I climbed gingerly, testing the stability of the wooden ladder with every step. Doing what I had been strictly forbidden to do - looking down at the floor of the canyon from atop the ladder, and secretly panicking, screaming silently in my head. And just when I thought I was done climbing one ladder, there stood another ladder connecting the climb to the top of the canyon. The climb to the top is quite steep and the passages are narrow enough that only a single person can use it at a time. I expected to scream out loud in horror when I saw just how straight up and steep the last ladder to the top was, but with every rung up the ladder, I had started to feel more and more confident and instead of sheer fear, it was a feeling of sheer exhilaration that I felt when I reached the very top of the canyon. I felt overcome with the feeling of being liberated from fears that insensibly hold me back. Standing atop the 160 foot canyon, looking at the gorgeous view that lay ahead, I felt free.

The alcove house or the ceremonial cave is actually an underground kiva that lies on top of the canyon. A small ladder leads into the dark cave. When I step into the kiva, I am so glad for the absence of crowds, for the fact that few people venture up here, for that early morning hour, for the fact that the narrow passages allow only one person to climb at a time. Because all of that translates into utmost serenity. Peace, absolute peace is what I feel as I sit all alone inside the kiva, buried on top of the canyon. I touch the cold dark walls of the kiva in awe, feeling the quiet energy of this place that held so much significance to the people that lived here. The hopes and dreams and longings of the people that once lived here still reside in its walls. I close my eyes and whisper out a prayer. I don’t know if this place recognizes me or if my prayers make any sense to them, but for that brief moment alone, I allow my prayers to mingle in the air with prayers whispered in this room hundreds of years ago.
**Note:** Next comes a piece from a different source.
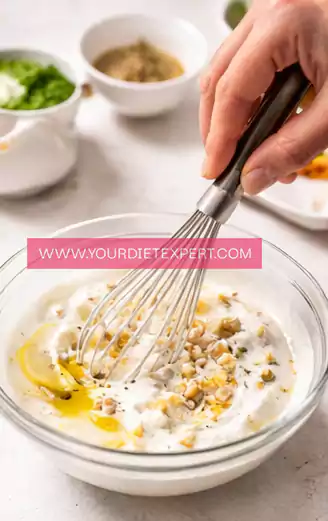 - In a mixing bowl, combine Greek yogurt, minced garlic, lemon juice, olive oil, salt, and black pepper. Stir or whisk until the mixture becomes smooth and creamy, making sure the garlic and seasoning are evenly distributed throughout the sauce.

Much too soon, it’s time to head back down the ladder. That friendly fear clutches at my heart again. I debate over the best way to climb down. Do I go face forward overlooking the canyon scooting down? Or should I go face to the wall not knowing where the rung lies? Ten rungs of going down one way and ten rungs of going down the other way, and in the end it didn’t even matter which way I did it. I just wasn’t afraid anymore. Finally back down at the foot of the canyon, I looked up at the maze of ladders that I had just climbed. I shrugged my shoulders and in the end, it was no big deal. I had told my fears basically to go take a hike. Literally. And I was free from them. Liberated.